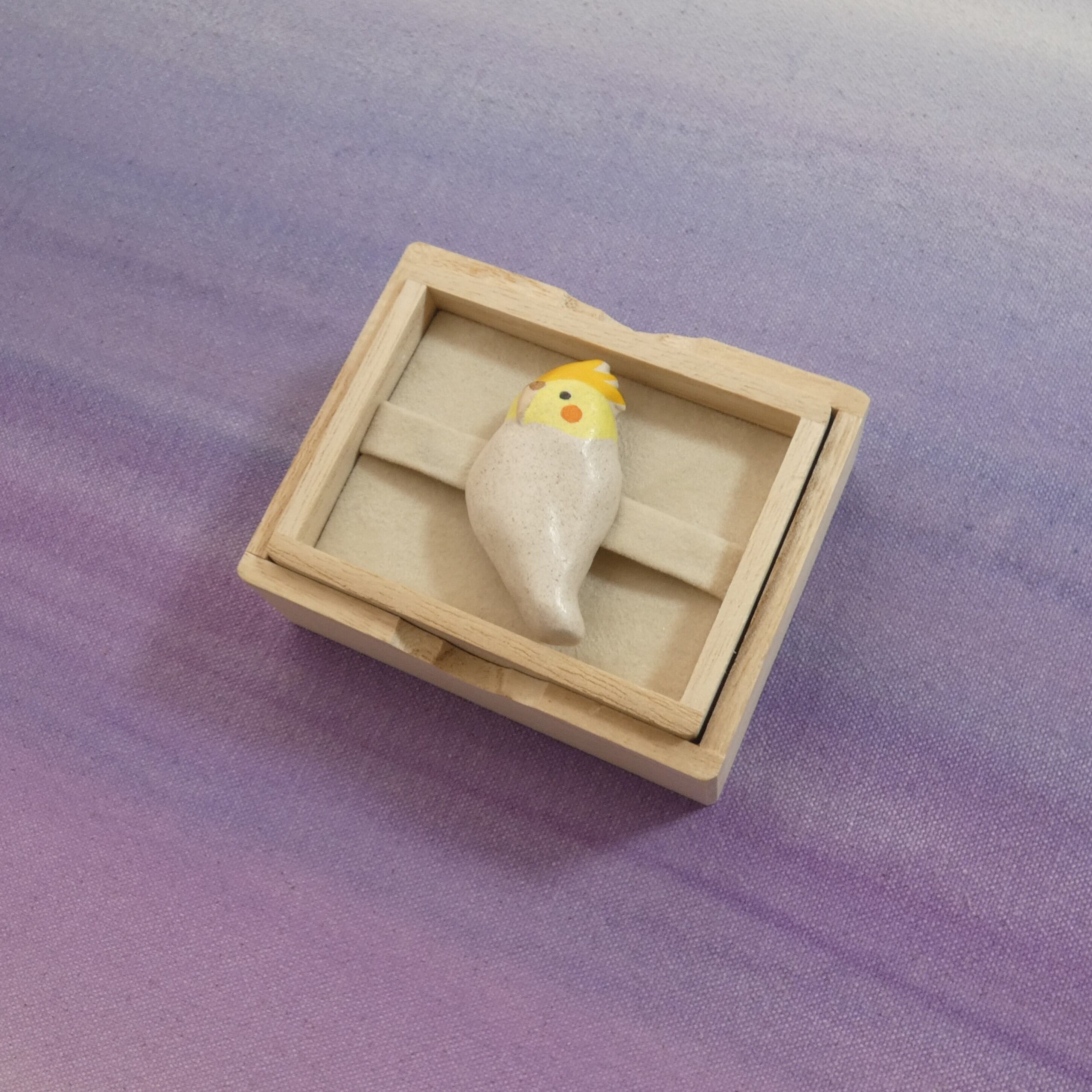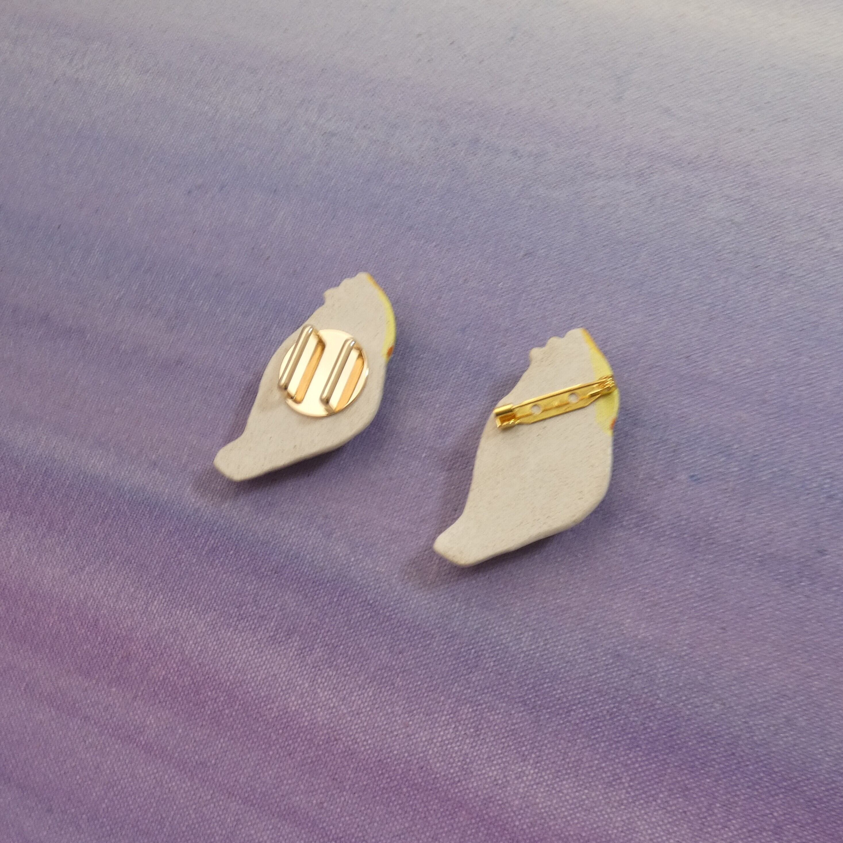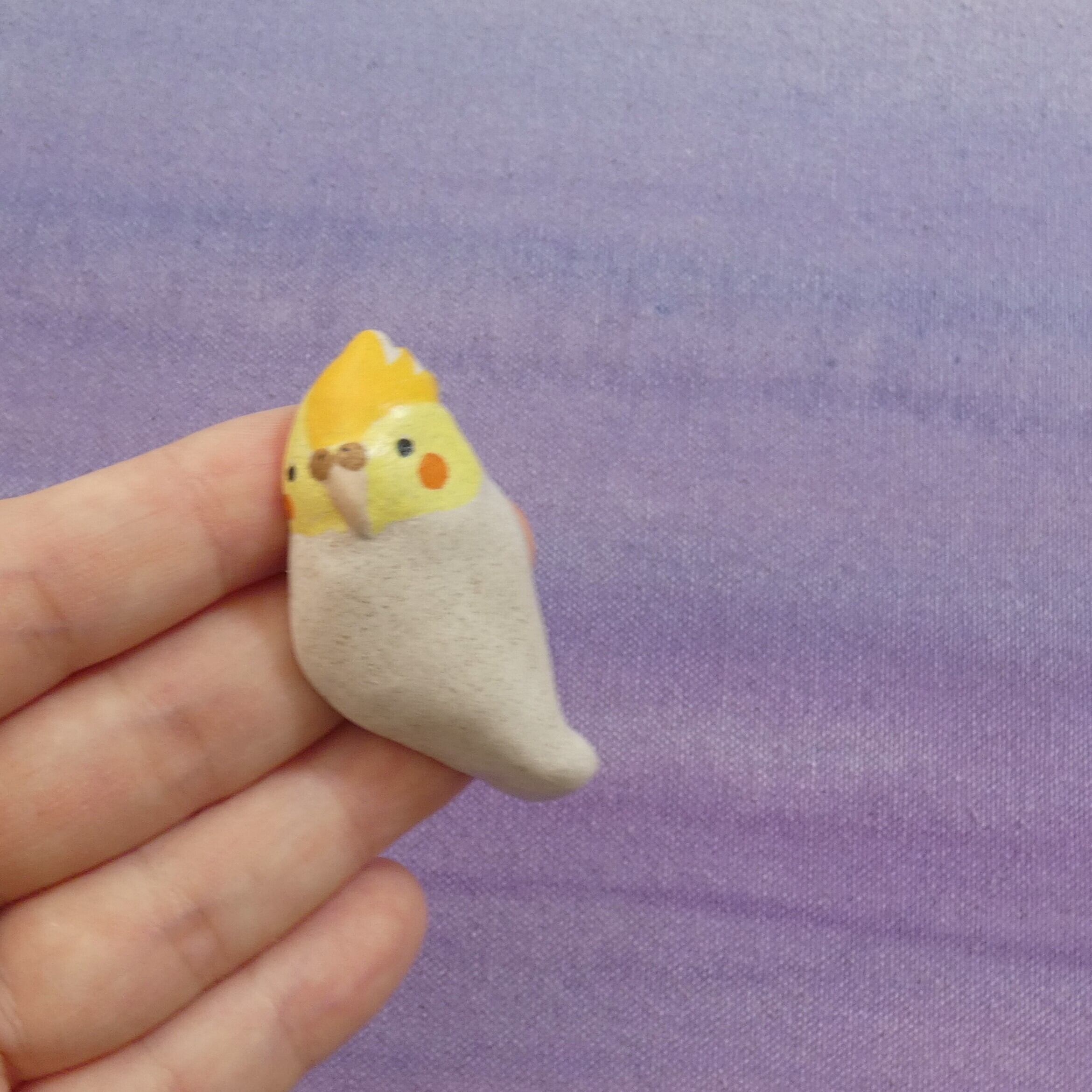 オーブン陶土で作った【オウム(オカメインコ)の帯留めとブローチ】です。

==

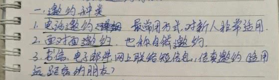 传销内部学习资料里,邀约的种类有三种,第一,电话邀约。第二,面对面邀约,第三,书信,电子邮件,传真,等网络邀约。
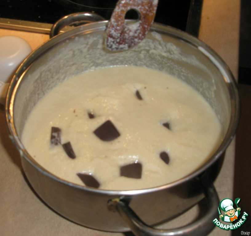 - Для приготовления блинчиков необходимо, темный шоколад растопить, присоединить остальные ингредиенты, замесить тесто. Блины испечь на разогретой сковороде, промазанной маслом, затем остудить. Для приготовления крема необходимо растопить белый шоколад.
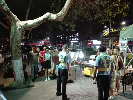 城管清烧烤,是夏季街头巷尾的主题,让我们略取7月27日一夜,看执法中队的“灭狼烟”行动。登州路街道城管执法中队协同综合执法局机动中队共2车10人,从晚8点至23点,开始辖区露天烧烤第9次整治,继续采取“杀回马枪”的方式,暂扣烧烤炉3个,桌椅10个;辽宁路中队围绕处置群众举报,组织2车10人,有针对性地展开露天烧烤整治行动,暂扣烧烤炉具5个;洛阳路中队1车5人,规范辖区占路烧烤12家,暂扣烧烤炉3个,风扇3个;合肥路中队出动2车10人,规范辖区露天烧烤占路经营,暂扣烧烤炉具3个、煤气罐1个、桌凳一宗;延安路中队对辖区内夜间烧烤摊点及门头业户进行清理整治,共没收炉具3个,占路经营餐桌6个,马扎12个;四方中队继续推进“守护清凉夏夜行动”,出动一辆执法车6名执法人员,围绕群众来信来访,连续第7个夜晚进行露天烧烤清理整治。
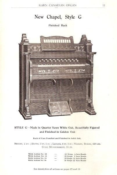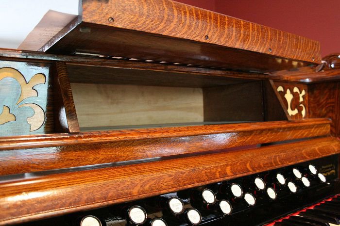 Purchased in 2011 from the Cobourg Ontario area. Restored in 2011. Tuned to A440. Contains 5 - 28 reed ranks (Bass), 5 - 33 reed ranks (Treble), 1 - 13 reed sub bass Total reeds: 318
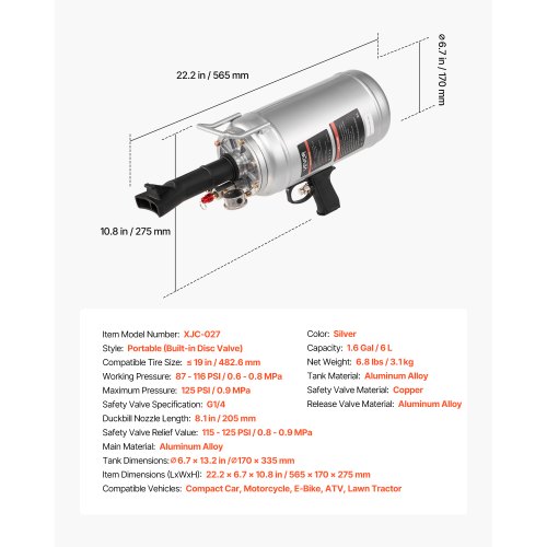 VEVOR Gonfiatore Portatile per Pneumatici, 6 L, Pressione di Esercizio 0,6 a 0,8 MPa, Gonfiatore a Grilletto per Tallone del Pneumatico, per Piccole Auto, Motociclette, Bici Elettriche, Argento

...

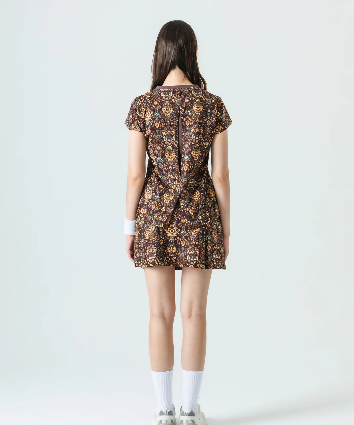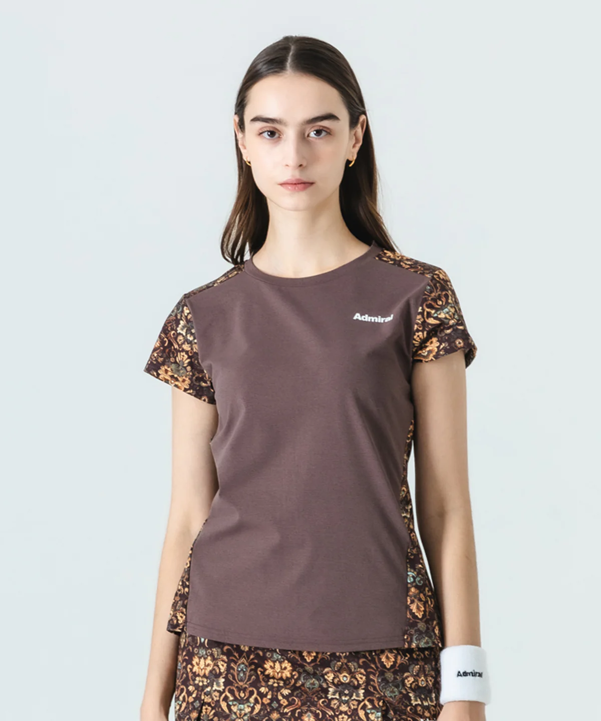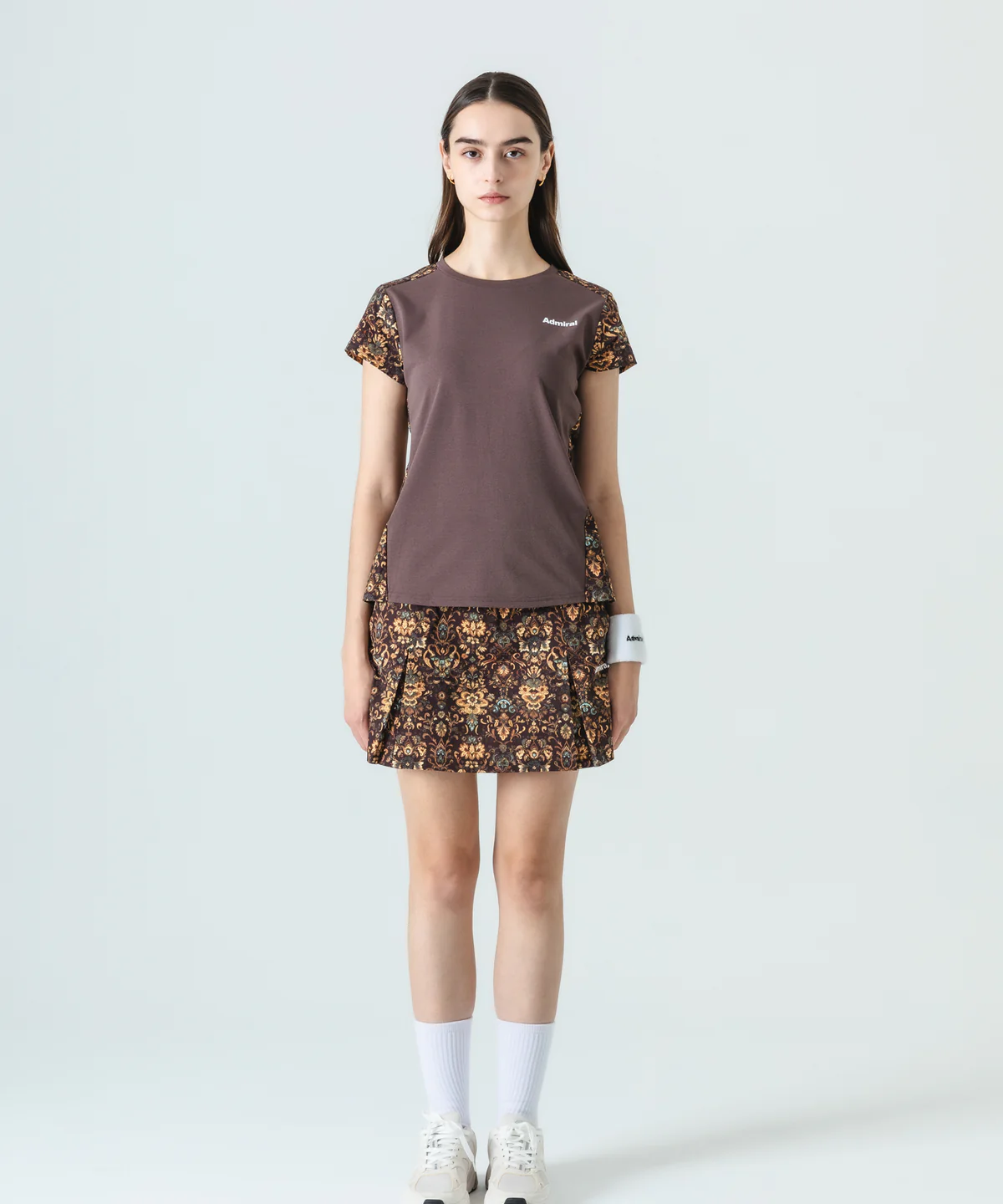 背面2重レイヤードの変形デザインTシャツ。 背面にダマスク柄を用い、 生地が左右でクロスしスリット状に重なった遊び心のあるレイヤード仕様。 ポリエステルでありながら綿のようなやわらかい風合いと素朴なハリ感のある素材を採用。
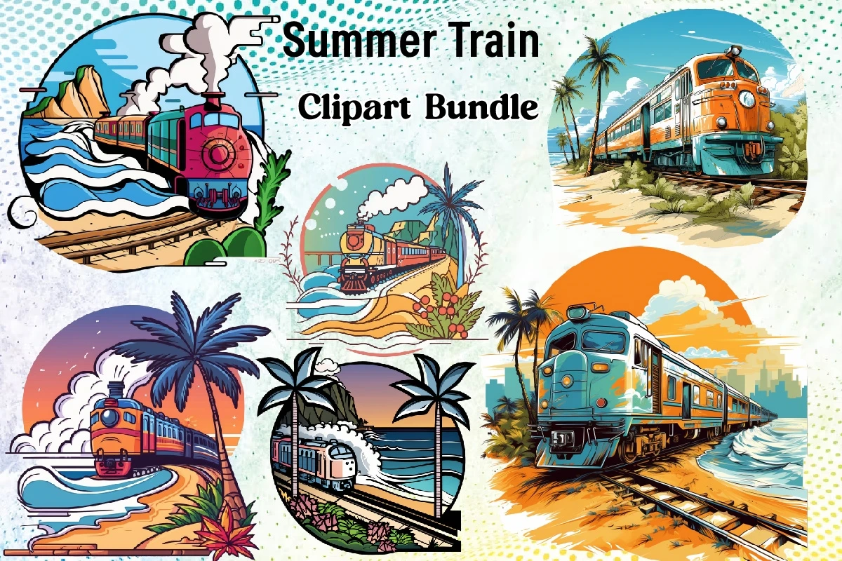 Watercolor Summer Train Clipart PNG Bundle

» Exercise directions: Above are the records; return the lines in them from the one with "Purchased in 2011" to the one with "VEVOR Gonfiatore Portatile", inclusive, exactly and without images.

» Response to the exercise:
 Purchased in 2011 from the Cobourg Ontario area. Restored in 2011. Tuned to A440. Contains 5 - 28 reed ranks (Bass), 5 - 33 reed ranks (Treble), 1 - 13 reed sub bass Total reeds: 318
 VEVOR Gonfiatore Portatile per Pneumatici, 6 L, Pressione di Esercizio 0,6 a 0,8 MPa, Gonfiatore a Grilletto per Tallone del Pneumatico, per Piccole Auto, Motociclette, Bici Elettriche, Argento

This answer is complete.